● Material provided
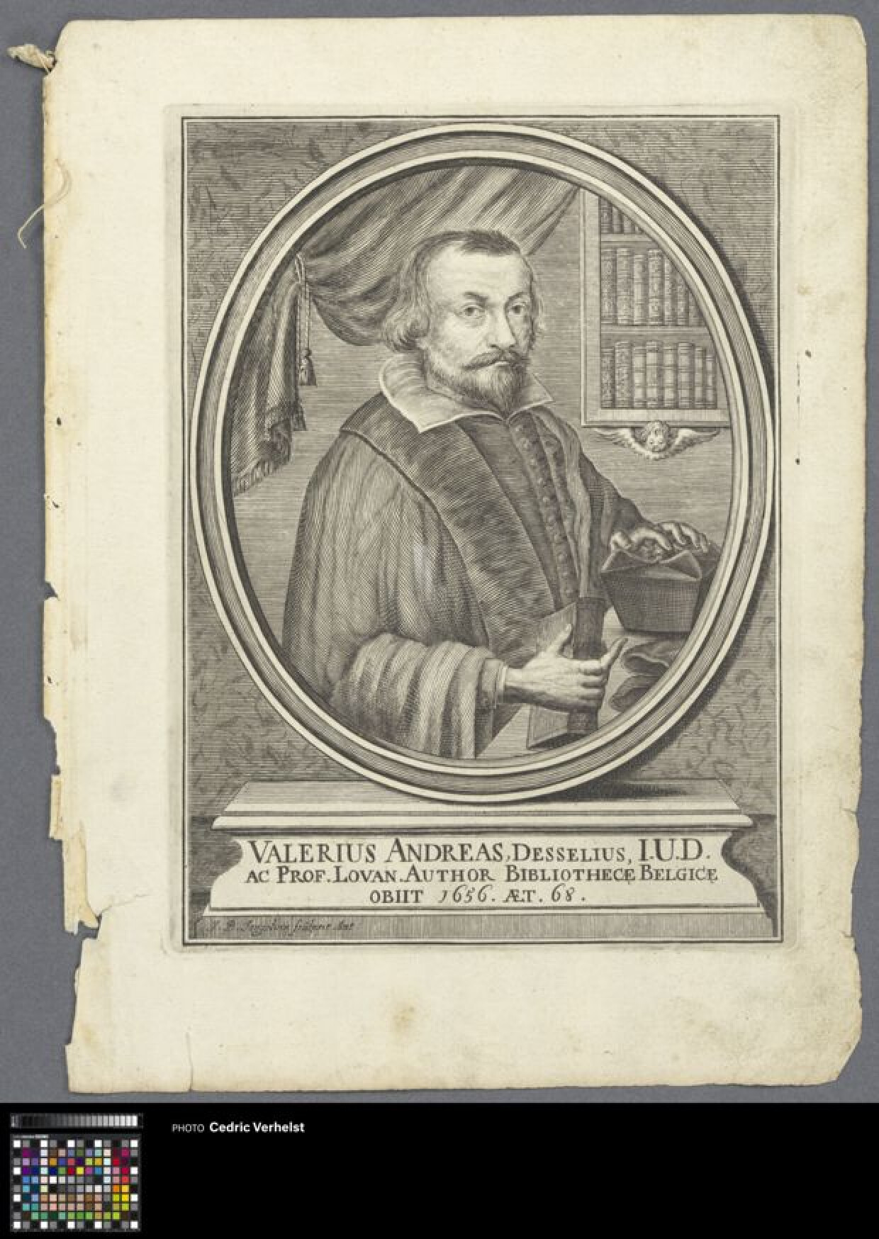 18de eeuwPortret van Valerius Andreas (1588-1655), geschiedschrijver en rechtsgeleerde. Hij is ten halve lijve afgebeeld in een studie en staat lichtjes naar rechts gedraaid. Zijn linkerhand rust op een kardinaalshoed en in zijn rechterhand heeft hij een boek vast. Hij draagt een mantel en een witte kraag. Het opschrift vermeld zijn hoogleraarschap te Leuven en zijn boek Bibliotheca Belgica dat uitgegeven werd in 1623. Deze prent komt vermoedelijk uit de tweede uitgave van dat boek.
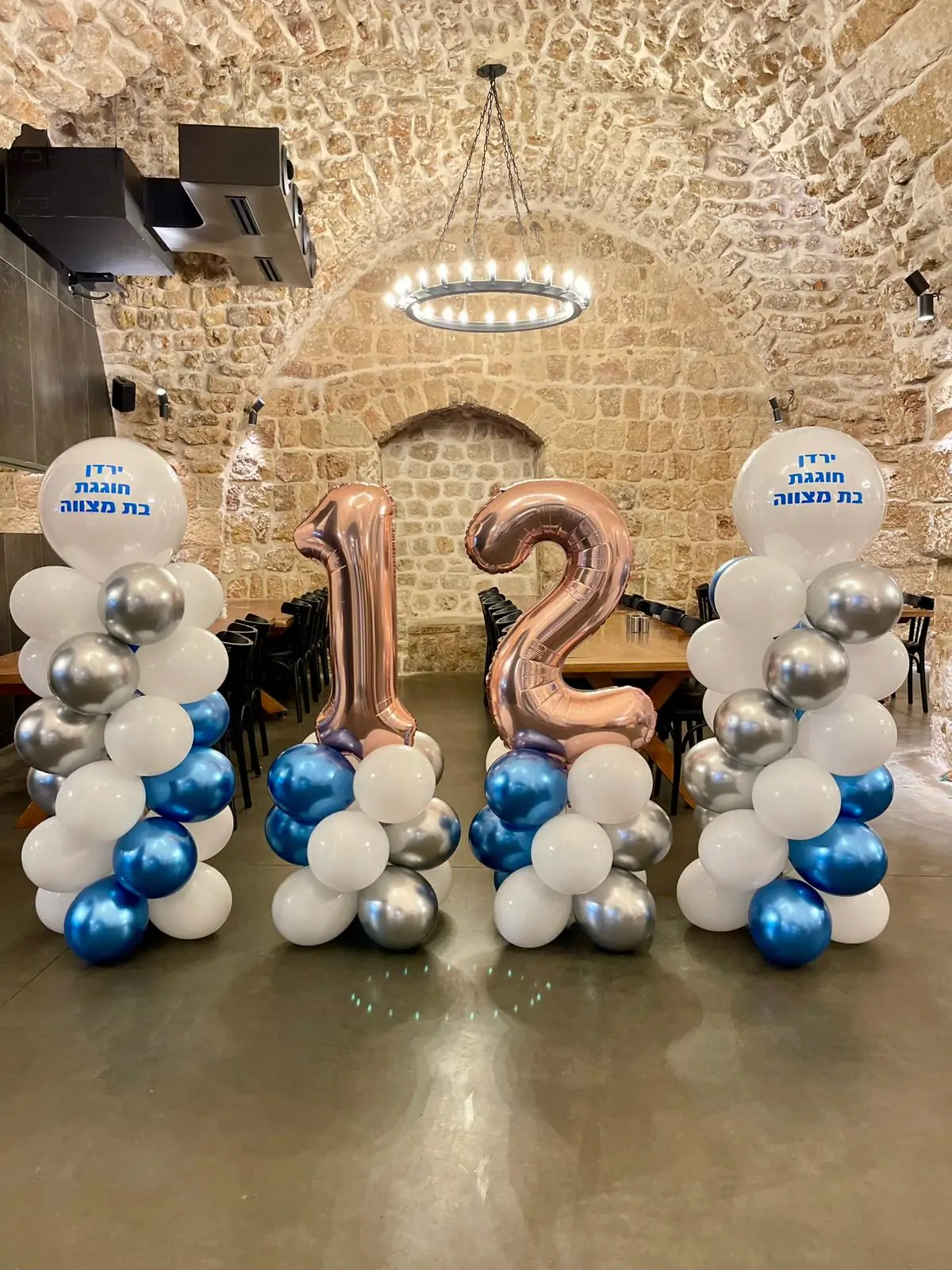 עיצוב בלונים אלגנטי לבת מצווה, עם ספרות גיל 12 בבלוני מיילר בגימור רוז גולד, בשילוב עמודי בלונים בגווני לבן, כסף וכחול. העיצוב משלב מראה חגיגי ומכובד עם נגיעות יוקרה, ומתאים במיוחד לאירוע בת מצווה באולם או בלוקיישן מעוצב, עם דגש על נראות מרשימה וצילומים מושלמים.
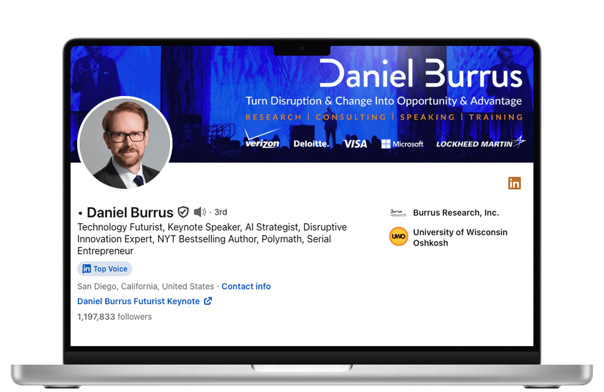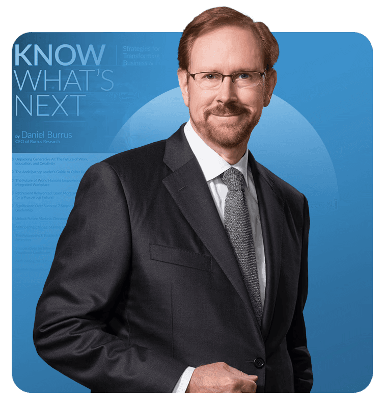 For over four decades, Daniel Burrus has been the world's most trusted guide to the future of business. He has a proven, documented track record of accurately predicting the future of technological change and its impact on organizations worldwide. He has advised executives from Fortune 500 companies, the Pentagon, and heads of State, helping them to develop game-changing strategies based on his proven methodologies for capitalizing on technology innovations and their future impact.
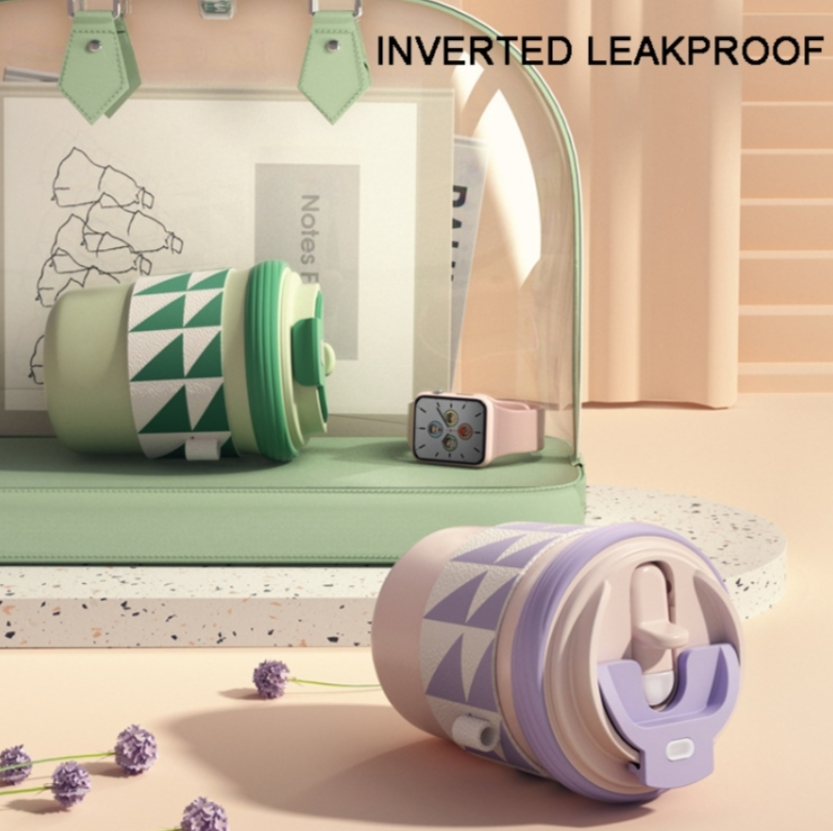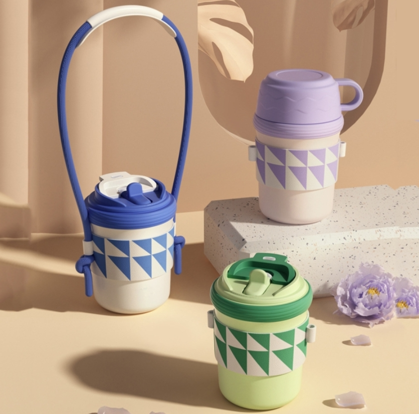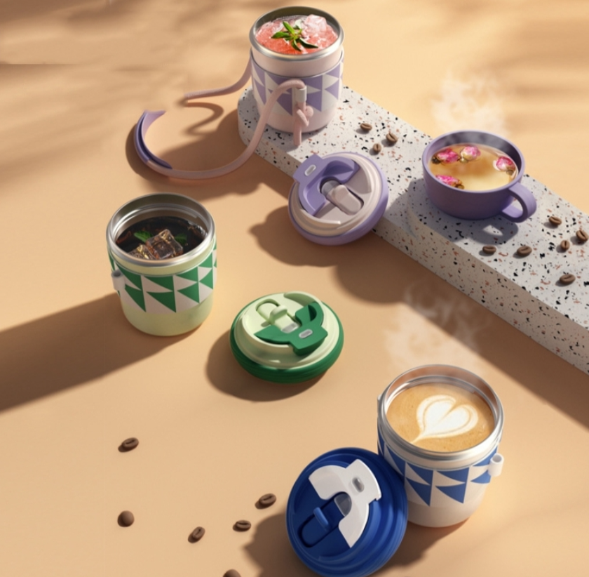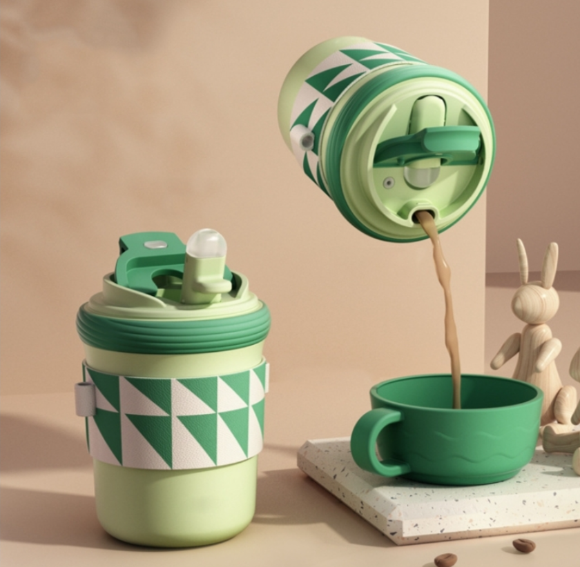 316 stainless steel thermos cup, three-use, double-drinking straw, direct drinking coffee cup
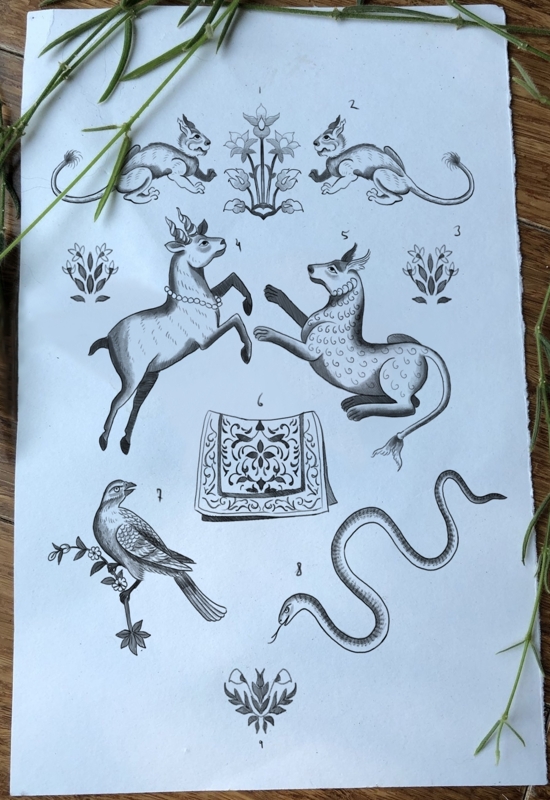 (1) Doniya 7" $700, (2) Utana 7" $500, (3) Vidarna 8" $800, (4) Bardiya 5" $500, (5) Simurgh 9" $900, (6) Farnah 7" $700
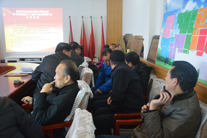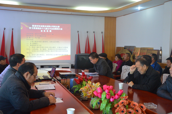 2015年11月26日下午,晋城市饮食服务有限公司党支部召开学习贯彻党的十八届五中全会精神大会,公司党支部全体党员参加此次会议。
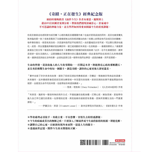 「書中收錄了各式各樣的案例,提供了前世回溯如何療癒疾病、恐懼症、情緒痛苦等病症的證據。未來幾年,這本書絕對會是前世回溯治療領域一本全面性的指南。它不只能開啟你的視野,去看見生命不朽的本質,也能帶給你希望與療癒。...

● Task
Each line of the records is to be reproduced exactly, and each picture dropped.

● Exercise solution
 18de eeuwPortret van Valerius Andreas (1588-1655), geschiedschrijver en rechtsgeleerde. Hij is ten halve lijve afgebeeld in een studie en staat lichtjes naar rechts gedraaid. Zijn linkerhand rust op een kardinaalshoed en in zijn rechterhand heeft hij een boek vast. Hij draagt een mantel en een witte kraag. Het opschrift vermeld zijn hoogleraarschap te Leuven en zijn boek Bibliotheca Belgica dat uitgegeven werd in 1623. Deze prent komt vermoedelijk uit de tweede uitgave van dat boek.
 עיצוב בלונים אלגנטי לבת מצווה, עם ספרות גיל 12 בבלוני מיילר בגימור רוז גולד, בשילוב עמודי בלונים בגווני לבן, כסף וכחול. העיצוב משלב מראה חגיגי ומכובד עם נגיעות יוקרה, ומתאים במיוחד לאירוע בת מצווה באולם או בלוקיישן מעוצב, עם דגש על נראות מרשימה וצילומים מושלמים.
 For over four decades, Daniel Burrus has been the world's most trusted guide to the future of business. He has a proven, documented track record of accurately predicting the future of technological change and its impact on organizations worldwide. He has advised executives from Fortune 500 companies, the Pentagon, and heads of State, helping them to develop game-changing strategies based on his proven methodologies for capitalizing on technology innovations and their future impact.
 316 stainless steel thermos cup, three-use, double-drinking straw, direct drinking coffee cup
 (1) Doniya 7" $700, (2) Utana 7" $500, (3) Vidarna 8" $800, (4) Bardiya 5" $500, (5) Simurgh 9" $900, (6) Farnah 7" $700
 2015年11月26日下午,晋城市饮食服务有限公司党支部召开学习贯彻党的十八届五中全会精神大会,公司党支部全体党员参加此次会议。
 「書中收錄了各式各樣的案例,提供了前世回溯如何療癒疾病、恐懼症、情緒痛苦等病症的證據。未來幾年,這本書絕對會是前世回溯治療領域一本全面性的指南。它不只能開啟你的視野,去看見生命不朽的本質,也能帶給你希望與療癒。...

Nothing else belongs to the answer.